第六話


 あの日以来、僕は今まで目を背けていきた彼女を目で追うようになった。

 自分が彼女を責める資格なんてないのに、感情に任せて酷いことを口にしてしまった。そしてあんな悲しい顔をさせたことをひどく後悔して、僕は彼女に謝ろうと決心した。けれど今更彼女を遠ざけていた僕が彼女に近づくこともできず、声を掛ける勇気すらない。ただ遠くから彼女を見つめて、一人寂しく居る彼女を眺めることしか出来ない。それが悔しくて、僕はぐっと握りこぶしを作る。

 見て見ぬふりをしてきた彼女の姿は寂しくて、心が痛くなる。あんなに花が咲くような愛らしい笑顔を浮かべる少女だったのに、今ではその影も無く、日陰で萎れている一輪の花のようだ。そんな彼女にしてしまったのは紛れもない僕で、それを改めて自覚すればただただ後悔に打ちひしがれる。
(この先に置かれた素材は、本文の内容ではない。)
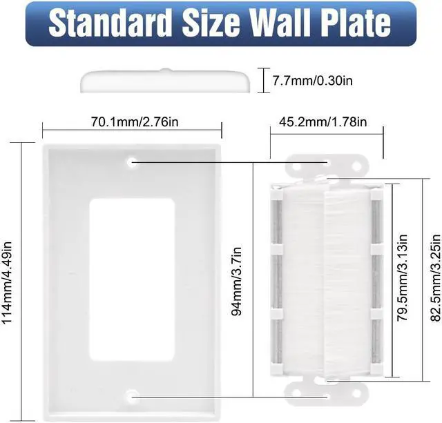 - The measurement for the brush wall plate insert holes is 3.25".
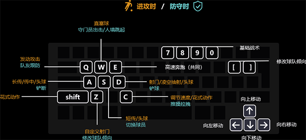 训练模式中分为【基础】、【传球】、【带球】、【防守】及【射门】五个训练模块。每个训练模块中有不同难度的专项训练。

 自分に自信がないばかりに、散々彼女を遠ざけてきた。それもこれも全部僕が勝手に引け目を感じてしまったせいだ。そして今回、なにも悪くない彼女を泣かせてしまった。自分がこの上なく情けなく思えてくる。そしてそれを自覚しながらこの場から動けない僕はもっと愚かで情けなかった。


「声掛ければいいのに」
「っ、ギャレス!」


 そっと遠くから人気のない場所のベンチに一人座っているモーリーンを見つめていると、いつの間にか背後にいたギャレスがそんなことを言ってきた。驚いてギャレスに振り向けば、ギャレスは呆れたような顔でやれやれとため息を落とす。


「素直にならないと、彼女には何一つ伝わってないよ」


 その言葉に、僕はぐっと口を噤んだ。

 モーリーンには何一つ伝わっていない。ああ、そうだろう。僕は最初から彼女に何も伝えていない。伝える努力をする前に、僕は自分が恥ずかしくなって逃げ出したのだ。そして身勝手に彼女を遠ざけて、傷つけた。僕の心の内なんて、何一つ彼女は知らない。伝えるつもりもない。けれど。


「このままだと一生君たちはすれ違っているかもね」


 ギャレスはそう言うと、そのままモーリーンのもとへ向かって歩き出して行った。座っている彼女に声を掛けて、隣に腰を下ろす。そうして会話をする姿が、羨ましかった。でも、モーリーンの表情はどこか硬くて、悲しさを拭えていない。それもこれも、僕のせいだ。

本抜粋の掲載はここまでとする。